Task:
Transcribe exactly the lines below that begin at the line with "Sprinkle your crumbled" and stop after the line with "emoționată Adelina Toncean.", leaving out every picture.

The input:
= = = = =

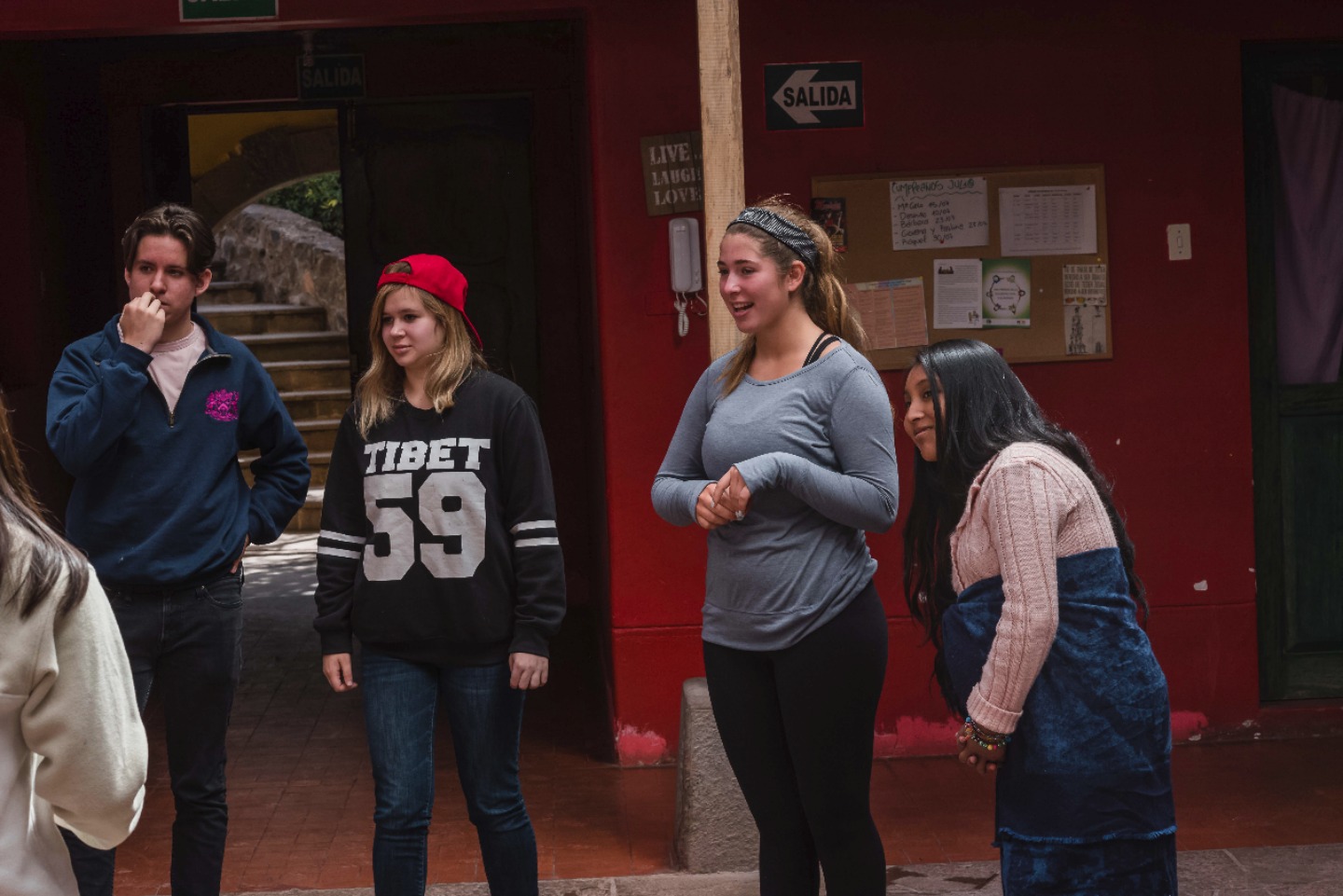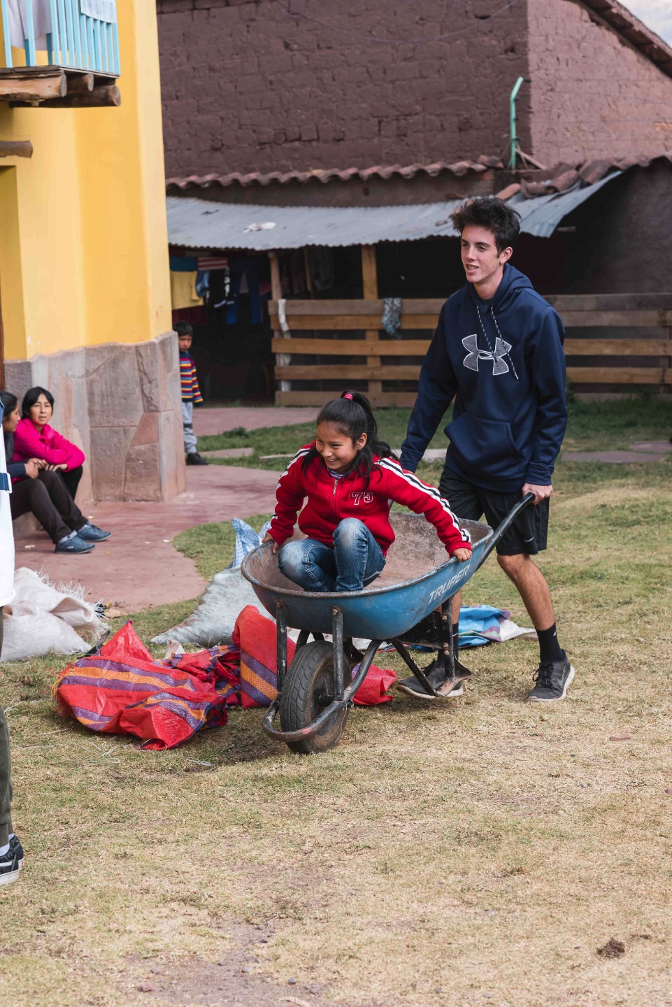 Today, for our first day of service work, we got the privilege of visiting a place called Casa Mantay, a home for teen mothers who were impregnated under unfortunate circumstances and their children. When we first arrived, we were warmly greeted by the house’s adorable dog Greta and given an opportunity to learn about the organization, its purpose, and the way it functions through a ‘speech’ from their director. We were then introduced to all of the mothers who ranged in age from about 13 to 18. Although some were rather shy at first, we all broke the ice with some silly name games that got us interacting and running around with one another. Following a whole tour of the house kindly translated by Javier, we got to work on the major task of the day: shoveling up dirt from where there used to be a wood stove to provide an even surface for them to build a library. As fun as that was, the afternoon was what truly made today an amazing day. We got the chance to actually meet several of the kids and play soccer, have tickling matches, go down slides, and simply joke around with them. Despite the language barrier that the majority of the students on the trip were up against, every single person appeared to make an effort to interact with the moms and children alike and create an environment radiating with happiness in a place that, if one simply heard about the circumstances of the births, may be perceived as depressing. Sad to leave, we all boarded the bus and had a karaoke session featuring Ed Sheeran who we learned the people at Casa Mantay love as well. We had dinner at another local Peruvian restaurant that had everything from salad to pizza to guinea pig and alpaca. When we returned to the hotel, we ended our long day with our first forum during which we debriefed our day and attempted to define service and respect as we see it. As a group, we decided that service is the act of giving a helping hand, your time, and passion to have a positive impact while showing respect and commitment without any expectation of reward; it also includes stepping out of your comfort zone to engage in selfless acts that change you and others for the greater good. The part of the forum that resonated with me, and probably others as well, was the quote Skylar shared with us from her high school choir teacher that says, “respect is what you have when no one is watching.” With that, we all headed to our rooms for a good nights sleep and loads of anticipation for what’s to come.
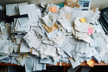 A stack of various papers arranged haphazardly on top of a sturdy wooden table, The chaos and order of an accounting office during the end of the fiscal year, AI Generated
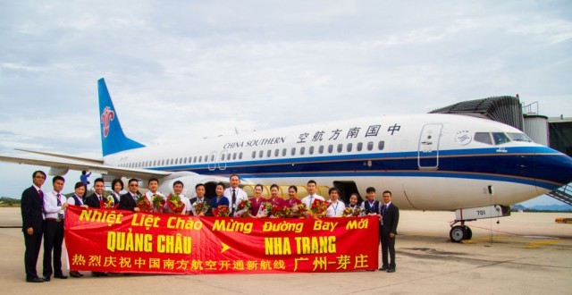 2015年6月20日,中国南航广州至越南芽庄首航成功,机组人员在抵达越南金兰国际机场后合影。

= = = = =

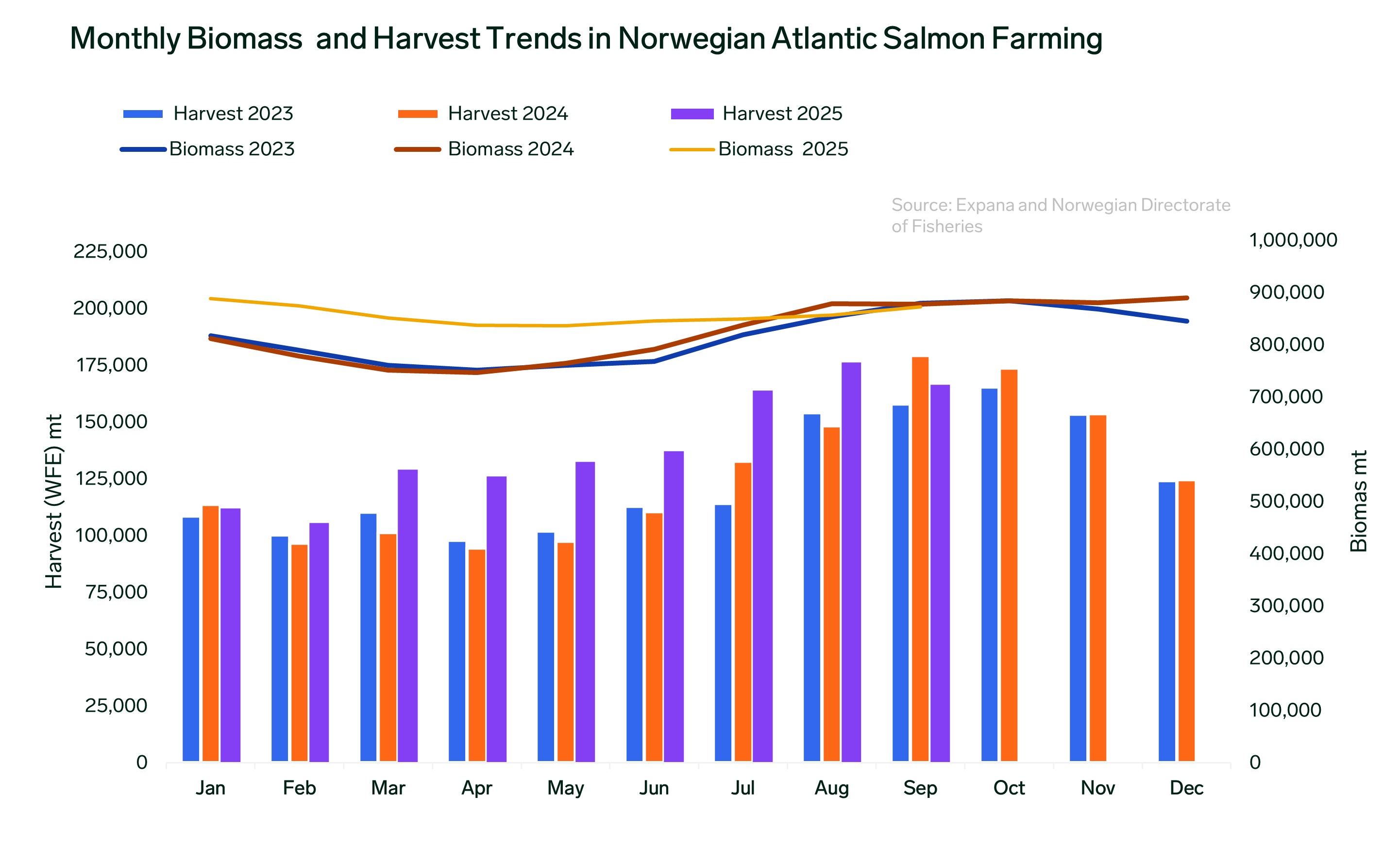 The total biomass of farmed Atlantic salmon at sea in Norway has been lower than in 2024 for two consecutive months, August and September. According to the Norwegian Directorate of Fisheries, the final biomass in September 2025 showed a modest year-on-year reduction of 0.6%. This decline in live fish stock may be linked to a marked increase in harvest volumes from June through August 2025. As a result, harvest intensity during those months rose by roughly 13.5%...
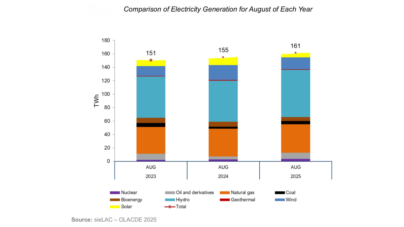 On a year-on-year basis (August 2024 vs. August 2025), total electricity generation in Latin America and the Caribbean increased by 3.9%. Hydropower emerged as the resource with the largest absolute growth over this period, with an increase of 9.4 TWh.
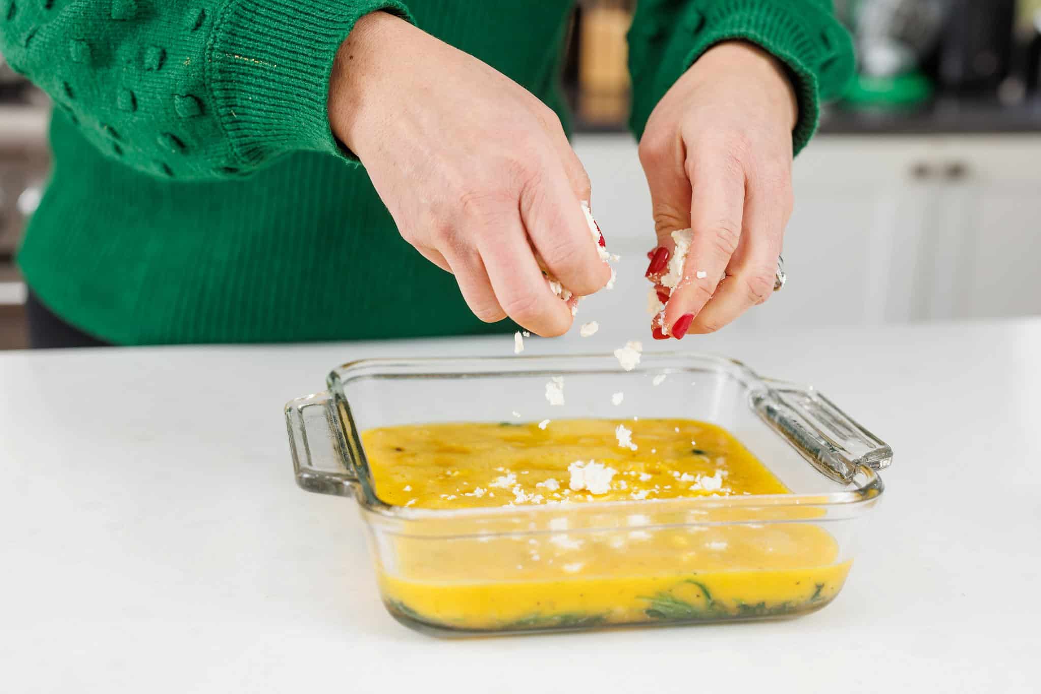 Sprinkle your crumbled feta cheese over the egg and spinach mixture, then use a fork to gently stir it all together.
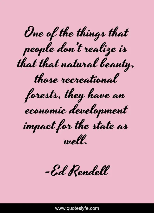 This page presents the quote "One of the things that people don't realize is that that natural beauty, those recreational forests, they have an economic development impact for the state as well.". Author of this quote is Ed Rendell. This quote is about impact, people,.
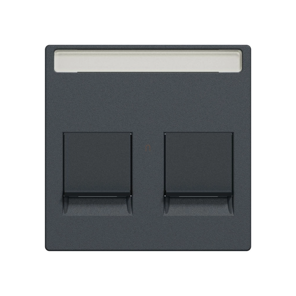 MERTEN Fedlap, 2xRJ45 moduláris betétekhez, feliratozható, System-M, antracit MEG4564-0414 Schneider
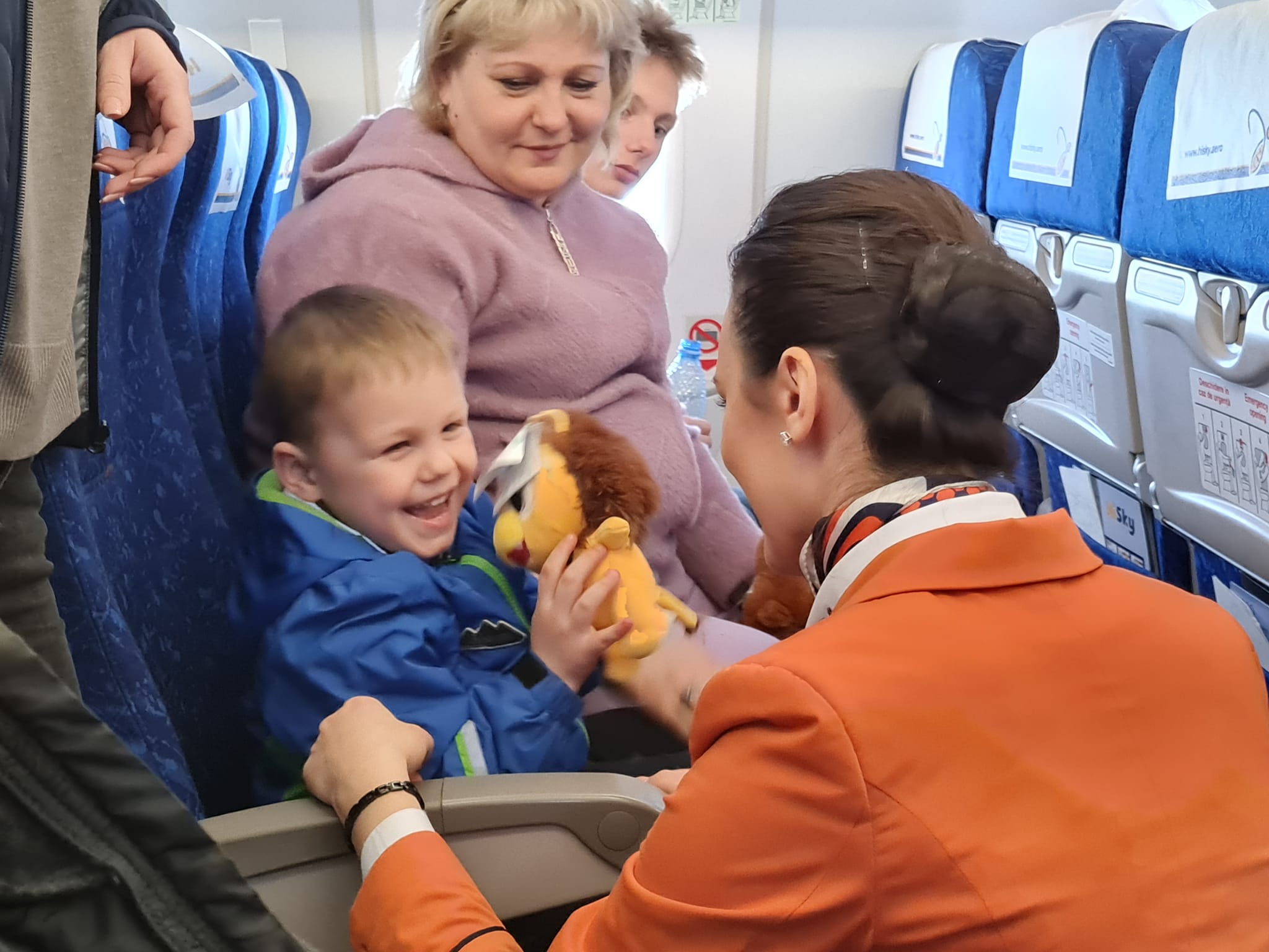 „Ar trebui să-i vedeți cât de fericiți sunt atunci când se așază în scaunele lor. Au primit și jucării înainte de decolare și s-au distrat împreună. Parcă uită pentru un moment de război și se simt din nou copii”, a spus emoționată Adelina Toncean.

= = = = =

Result:
 Sprinkle your crumbled feta cheese over the egg and spinach mixture, then use a fork to gently stir it all together.
 This page presents the quote "One of the things that people don't realize is that that natural beauty, those recreational forests, they have an economic development impact for the state as well.". Author of this quote is Ed Rendell. This quote is about impact, people,.
 MERTEN Fedlap, 2xRJ45 moduláris betétekhez, feliratozható, System-M, antracit MEG4564-0414 Schneider
 „Ar trebui să-i vedeți cât de fericiți sunt atunci când se așază în scaunele lor. Au primit și jucării înainte de decolare și s-au distrat împreună. Parcă uită pentru un moment de război și se simt din nou copii”, a spus emoționată Adelina Toncean.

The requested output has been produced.